Provided data =
++++
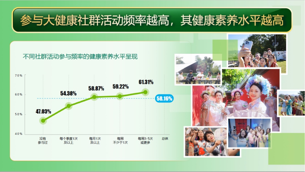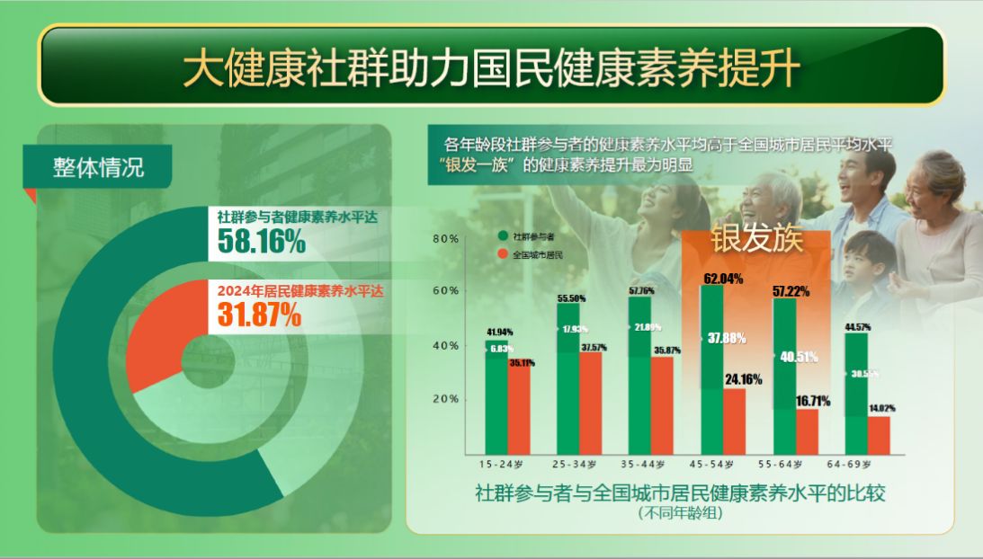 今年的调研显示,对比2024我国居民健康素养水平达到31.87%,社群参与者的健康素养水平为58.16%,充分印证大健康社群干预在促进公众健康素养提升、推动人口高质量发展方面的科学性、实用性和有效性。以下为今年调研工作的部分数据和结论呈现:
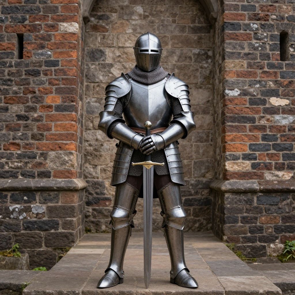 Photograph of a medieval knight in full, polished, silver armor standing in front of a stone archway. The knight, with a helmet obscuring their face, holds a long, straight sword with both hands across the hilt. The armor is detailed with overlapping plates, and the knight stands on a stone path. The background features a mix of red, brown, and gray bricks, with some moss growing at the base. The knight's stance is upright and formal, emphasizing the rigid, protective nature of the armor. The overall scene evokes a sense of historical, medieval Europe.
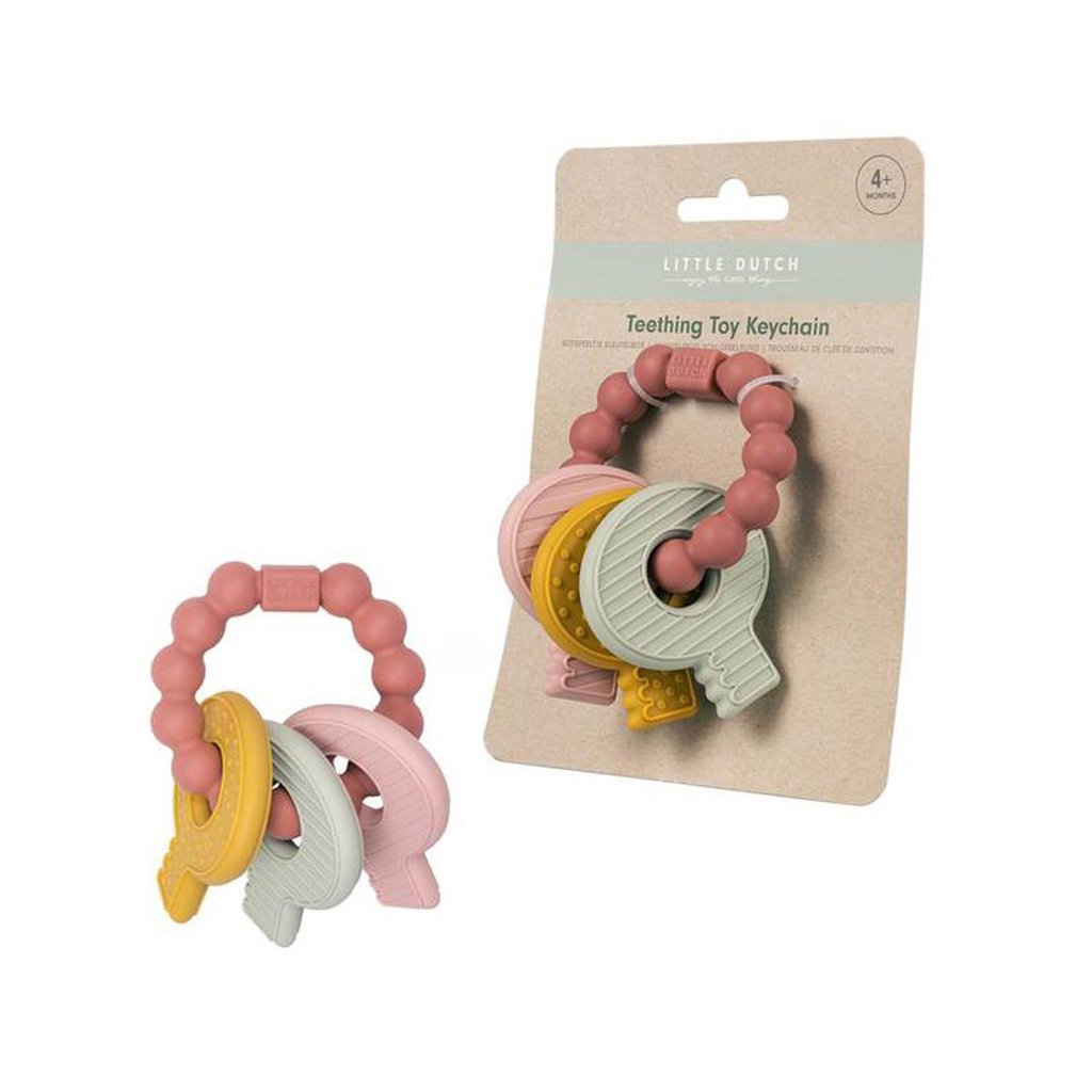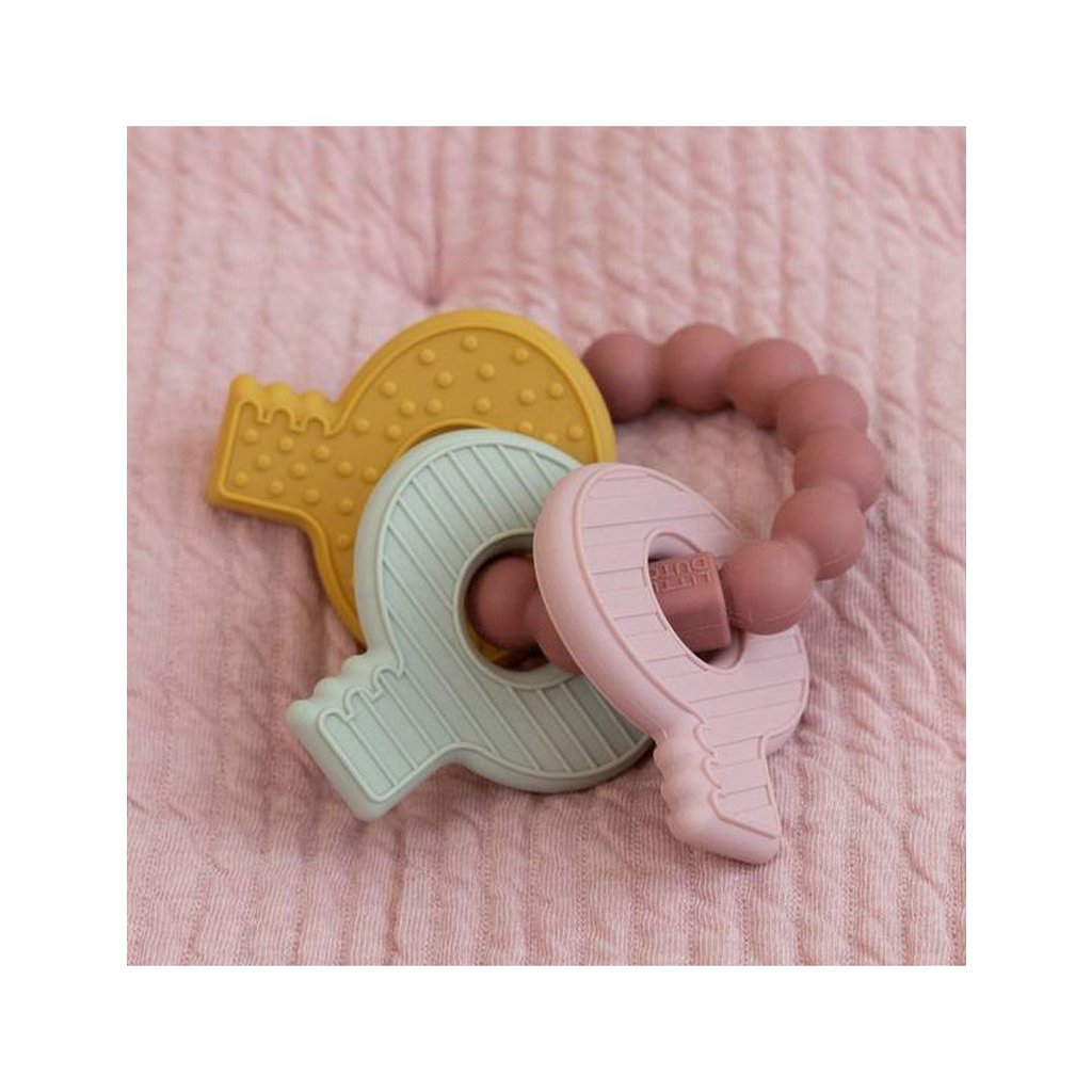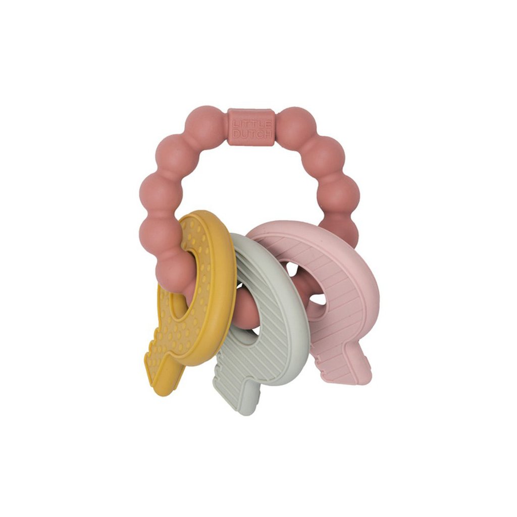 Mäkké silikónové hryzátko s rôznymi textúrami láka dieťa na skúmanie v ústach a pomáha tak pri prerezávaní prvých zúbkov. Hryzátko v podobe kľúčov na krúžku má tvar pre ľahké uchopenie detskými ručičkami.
++++
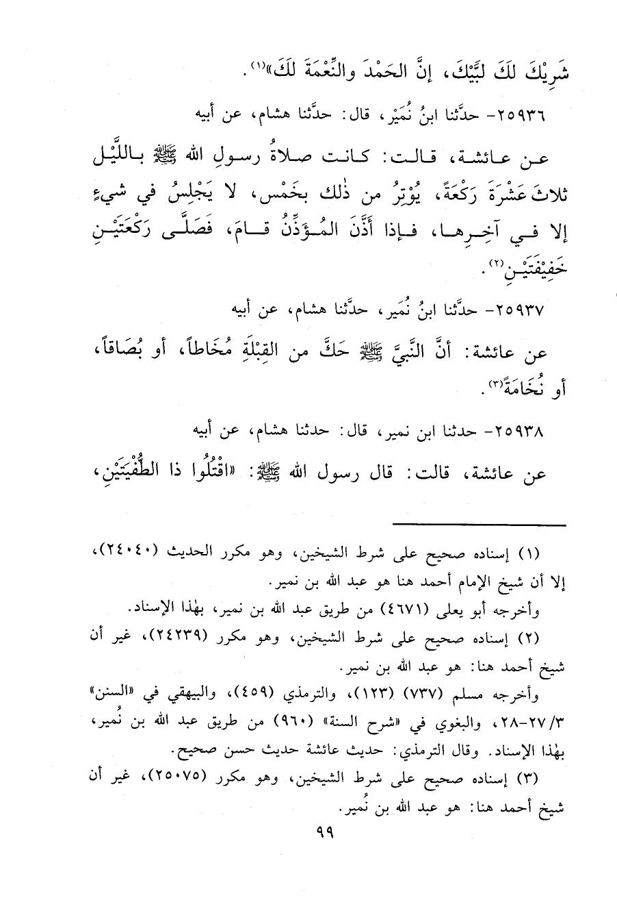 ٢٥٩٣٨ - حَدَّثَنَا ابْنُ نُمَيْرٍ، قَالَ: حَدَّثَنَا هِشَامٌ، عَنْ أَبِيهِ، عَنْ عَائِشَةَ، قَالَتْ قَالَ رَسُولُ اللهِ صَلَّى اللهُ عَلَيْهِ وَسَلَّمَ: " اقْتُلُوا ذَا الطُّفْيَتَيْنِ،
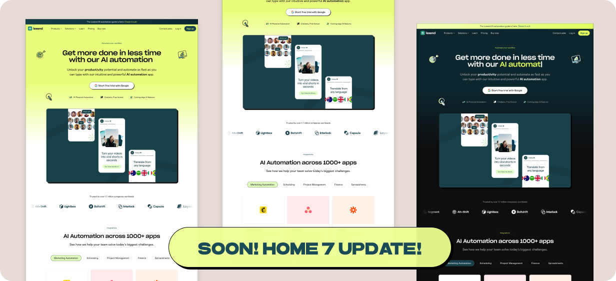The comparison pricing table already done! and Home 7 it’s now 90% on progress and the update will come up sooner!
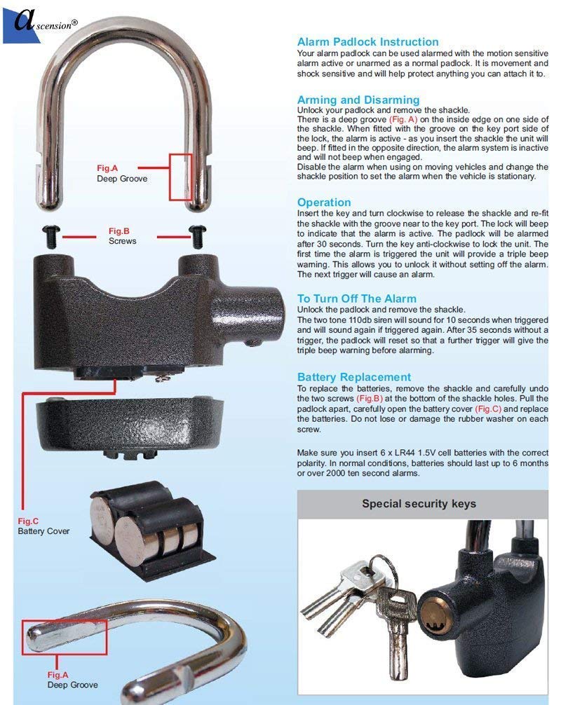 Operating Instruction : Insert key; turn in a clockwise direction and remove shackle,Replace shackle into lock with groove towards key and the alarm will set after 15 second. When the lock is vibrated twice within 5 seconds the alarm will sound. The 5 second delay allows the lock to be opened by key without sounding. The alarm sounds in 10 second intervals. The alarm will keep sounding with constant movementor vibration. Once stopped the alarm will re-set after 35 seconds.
++++
Problem statement = Each line from the one that contains "今年的调研显示,对比2024" down to the one that contains "Photograph of a" is to be returned exactly as it stands above, both ends included, with pictures removed.

Output =
 今年的调研显示,对比2024我国居民健康素养水平达到31.87%,社群参与者的健康素养水平为58.16%,充分印证大健康社群干预在促进公众健康素养提升、推动人口高质量发展方面的科学性、实用性和有效性。以下为今年调研工作的部分数据和结论呈现:
 Photograph of a medieval knight in full, polished, silver armor standing in front of a stone archway. The knight, with a helmet obscuring their face, holds a long, straight sword with both hands across the hilt. The armor is detailed with overlapping plates, and the knight stands on a stone path. The background features a mix of red, brown, and gray bricks, with some moss growing at the base. The knight's stance is upright and formal, emphasizing the rigid, protective nature of the armor. The overall scene evokes a sense of historical, medieval Europe.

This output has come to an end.